Although there is no applications in everyday clinical practice yet, in depth studies on the histone methylation dysregulation of lung cancer not only help better understand the mechanism of tumorigenesis and development of lung cancer, but also lead to discovery of potential molecular targets, biomarkers, and therapeutic candidates for lung cancer. Additionally, lung cancer with certain histone methylation features may provide new fine classifications in lung cancer that eventually leads to precise personal medicine. Moreover, the development of histone methylation modifier inhibitors, such as EZH2 or LSD1 inhibitors, not only provides promising therapeutic choices for lung cancer treatment, but also may benefit patients who are resistant to current targeted therapies like tyrosine kinase (e.g. EGFR) inhibition by combining with chemotherapy [61, 173].

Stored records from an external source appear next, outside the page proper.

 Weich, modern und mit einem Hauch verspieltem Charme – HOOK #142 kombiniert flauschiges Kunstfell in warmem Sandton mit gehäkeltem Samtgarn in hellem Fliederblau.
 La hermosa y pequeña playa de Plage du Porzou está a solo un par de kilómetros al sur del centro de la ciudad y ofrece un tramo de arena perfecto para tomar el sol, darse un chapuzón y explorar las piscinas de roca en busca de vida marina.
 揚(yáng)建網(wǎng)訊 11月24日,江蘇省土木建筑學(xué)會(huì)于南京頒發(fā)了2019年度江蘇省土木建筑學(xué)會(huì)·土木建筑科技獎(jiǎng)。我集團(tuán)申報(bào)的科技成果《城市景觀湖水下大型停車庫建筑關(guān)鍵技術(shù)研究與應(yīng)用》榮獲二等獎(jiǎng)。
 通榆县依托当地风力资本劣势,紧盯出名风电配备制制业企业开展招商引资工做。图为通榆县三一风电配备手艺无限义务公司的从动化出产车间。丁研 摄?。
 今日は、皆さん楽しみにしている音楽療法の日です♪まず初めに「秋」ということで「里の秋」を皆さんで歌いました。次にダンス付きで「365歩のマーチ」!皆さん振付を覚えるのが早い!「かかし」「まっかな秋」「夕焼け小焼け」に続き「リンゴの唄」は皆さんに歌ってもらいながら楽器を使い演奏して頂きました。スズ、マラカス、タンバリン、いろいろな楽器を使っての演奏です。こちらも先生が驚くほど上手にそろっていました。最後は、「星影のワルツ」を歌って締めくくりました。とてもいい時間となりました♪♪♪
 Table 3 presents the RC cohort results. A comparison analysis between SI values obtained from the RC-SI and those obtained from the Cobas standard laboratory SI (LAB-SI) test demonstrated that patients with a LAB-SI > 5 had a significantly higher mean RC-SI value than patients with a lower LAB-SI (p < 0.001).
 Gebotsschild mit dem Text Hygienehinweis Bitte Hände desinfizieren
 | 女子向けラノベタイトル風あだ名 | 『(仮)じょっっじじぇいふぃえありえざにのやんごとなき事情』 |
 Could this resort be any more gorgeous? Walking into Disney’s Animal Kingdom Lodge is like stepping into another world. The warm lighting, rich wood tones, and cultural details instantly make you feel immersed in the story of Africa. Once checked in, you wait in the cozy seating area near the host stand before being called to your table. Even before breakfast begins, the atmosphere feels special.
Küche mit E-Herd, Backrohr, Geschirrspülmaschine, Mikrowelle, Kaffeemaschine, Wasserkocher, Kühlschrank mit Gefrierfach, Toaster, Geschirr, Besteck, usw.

Meanwhile, challenges still exist and have revealed directions for future research. First, targeting one histone methyl residue or one certain related enzyme may result in diverse unpredictable effects. This is because the interactions between histones, histone methyltransferases and histone demethylases appear to be influenced by the subtle environment surrounding the residue, and crosstalk between different methylated sites are also involved [179]. For example, H3K9me3 prevented SET7-dependent mono-methylation on H3K4 [180], and H3K4me3 prevented G9a- or other H3K9 KMTs-mediated methylation on H3K9 [179, 181]. Second, the lack of complete information and thorough understanding about histone methylation remains an obstacle to further developing epigenetic strategies for lung cancer. For instance, until now, H3K79-specific KDMs have not been reported yet [182]. Additionally, the regulatory mechanism behind the precise assignment of different methyltransferas/demethylasessjbe is not fully explained [183]. The third challenge is to develop more specific inhibitors with clinical application potential, since most histone methyltransferases or demethylases share similar structures and catalytic domains. Take SET domain for example, it participates in a number of reactions, whereas a majority of KMTs contain this domain [42]. A number of inhibitors targeting SET domain were found lacking specificity, which may lead to unwanted effects [184]. The first two challenges require further mechanistic investigations, which are important to complete the map of histone methylation in lung cancer. To deal with the third challenge, rational drug design is necessary to develop relative inhibitors with high selectivity and satisfactory pharmacokinetics. In addition, more pre-clinical and clinical studies are also required to evaluate the anti-tumor efficacy and side effects of new drugs.

In summary, targeting histone methylation is a promising therapeutic strategy for lung cancer treatment. Ever since the recognition of the significance of epigenetic dysregulation in lung cancer, extensive studies have revealed complex but precisely orchestrated regulations mediated by different histone methyltransferases/demethylases. Along with the inhibitors under study or in trials, these efforts have paved the way for an era of better lung cancer therapy.